437565 - Crash [@ nsSpaceManager::GetPrevBand] with floats after nscoord_MAX of height

Status: VERIFIED FIXED

(Core :: Layout: Floats, defect)

Description

[Jesse Ruderman]

Attachment: testcase (crashes Firefox when loaded)

Mozilla/5.0 (Macintosh; U; Intel Mac OS X 10.5; en-US; rv:1.9.1a1pre) Gecko/2008053113 Minefield/3.1a1pre

Steps to reproduce:
1. Load the testcase in a debug build of Firefox.

Result:

###!!! ASSERTION: aBandRect should be first rect within its band: '!aBandRect || aBandRect == mBandList.Head() || aBandRect->Prev()->mBottom != aBandRect->mBottom', file /Users/jruderman/central/layout/generic/nsSpaceManager.h, line 475

Crash dereferencing 0xc0000017 (note the first digit -- this is not a null deref!)

The assertion also occurs in bug 410232, but that bug has a different testcase, no crash, and is public.

Comment 2

[Daniel Holbert [:dholbert]]

Crashes my Linux debug build, too. (updated from mozilla-central yesterday)

Comment 3

[Daniel Holbert [:dholbert]]

Attachment: backtrace of Linux crash

I'm attaching the backtrace of my Linux crash.  It's crashing on this line:
http://mxr.mozilla.org/seamonkey/source/layout/generic/nsSpaceManager.cpp#435
  434  NS_ASSERTION(aBandRect->Prev() == &mBandList ||
  435               aBandRect->Prev()->mBottom <= aBandRect->mTop,
  436               "aBandRect should be first rect within its band");
The crash happens because we look up  aBandRect->Prev()->mBottom, and  aBandRect->Prev() is either 0x1 or 0x5a5a5a5a.  

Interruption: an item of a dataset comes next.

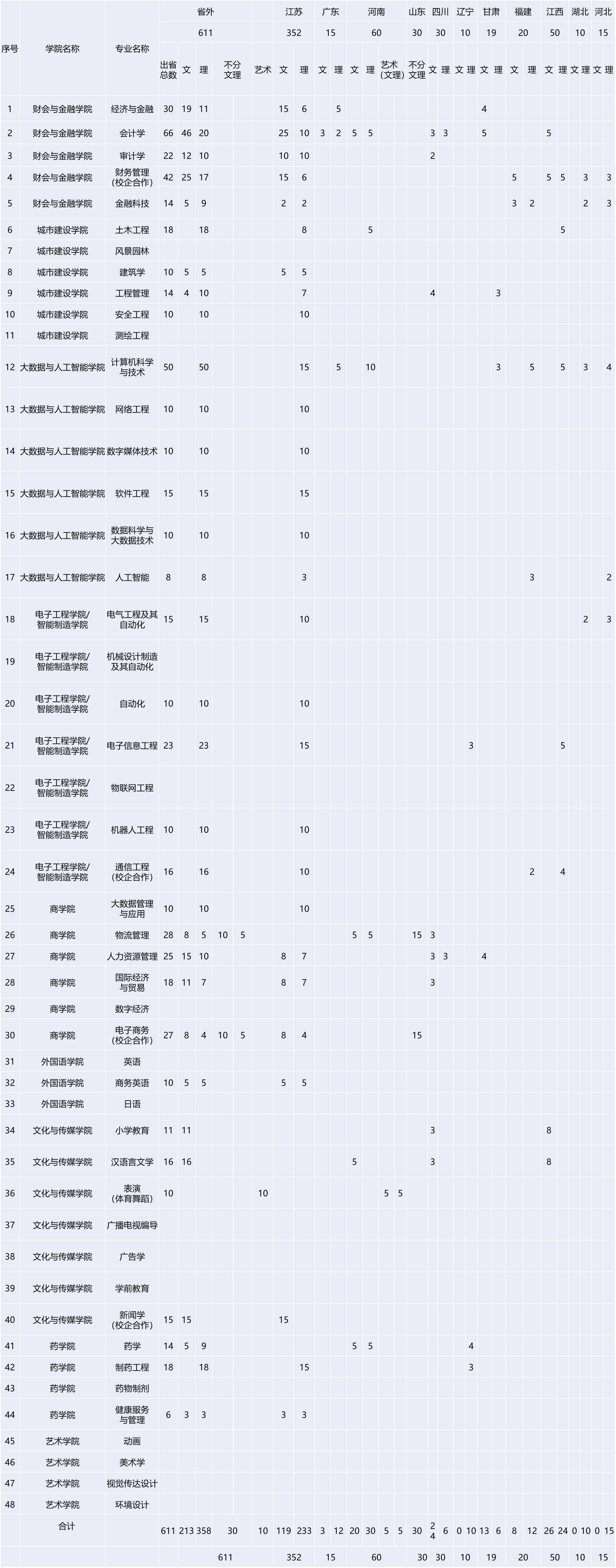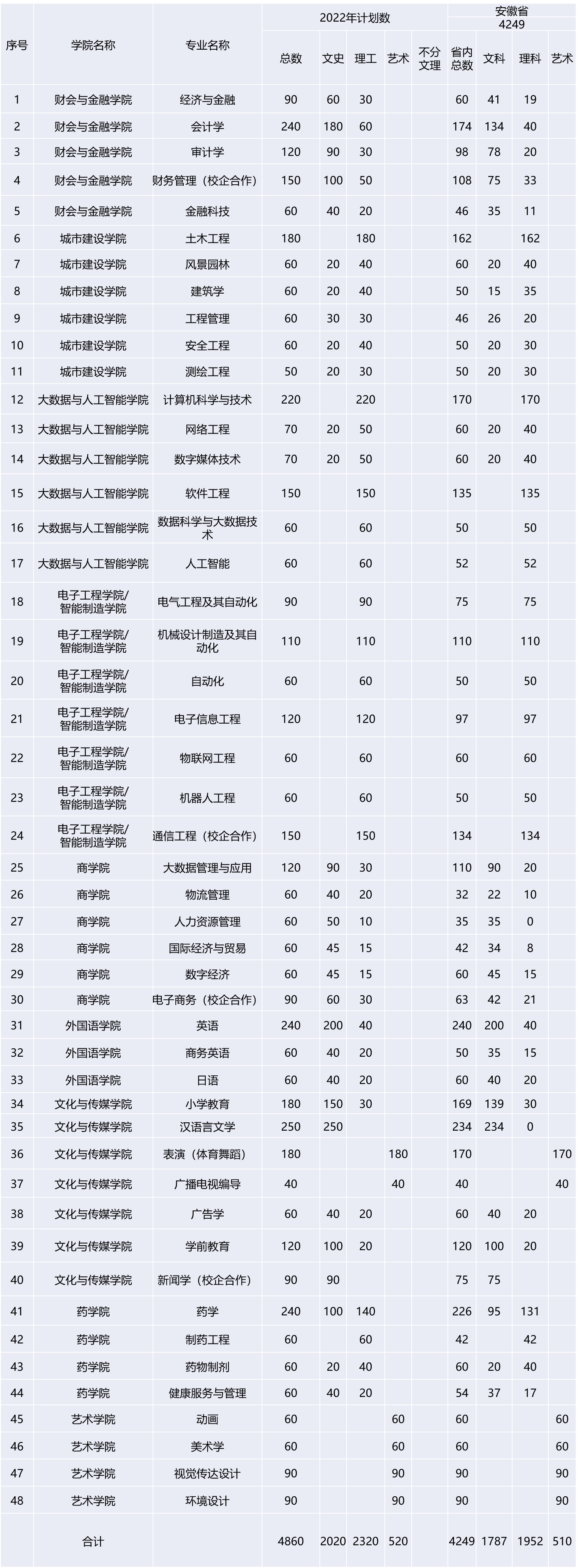 安徽新华学院2022年分省分专业计划

I'm not actually sure if it's 0x5a5a5a5a or 0x1 -- if I break at the crash in GDB and I do "p aBandRect->prev", then it displays 0x5a5a5a5a.  But then if I do "p aBandRect->Prev()", I get 0x1.  And that call to Prev() seems to have a lasting effect on 'prev', because from that point on, "p aBandRect->prev" displays 0x1 instead of 0x5a5a5a5a. Weird.

Comment 4

[Daniel Holbert [:dholbert]]

(In reply to comment #0)
> ###!!! ASSERTION: aBandRect should be first rect within its band [...]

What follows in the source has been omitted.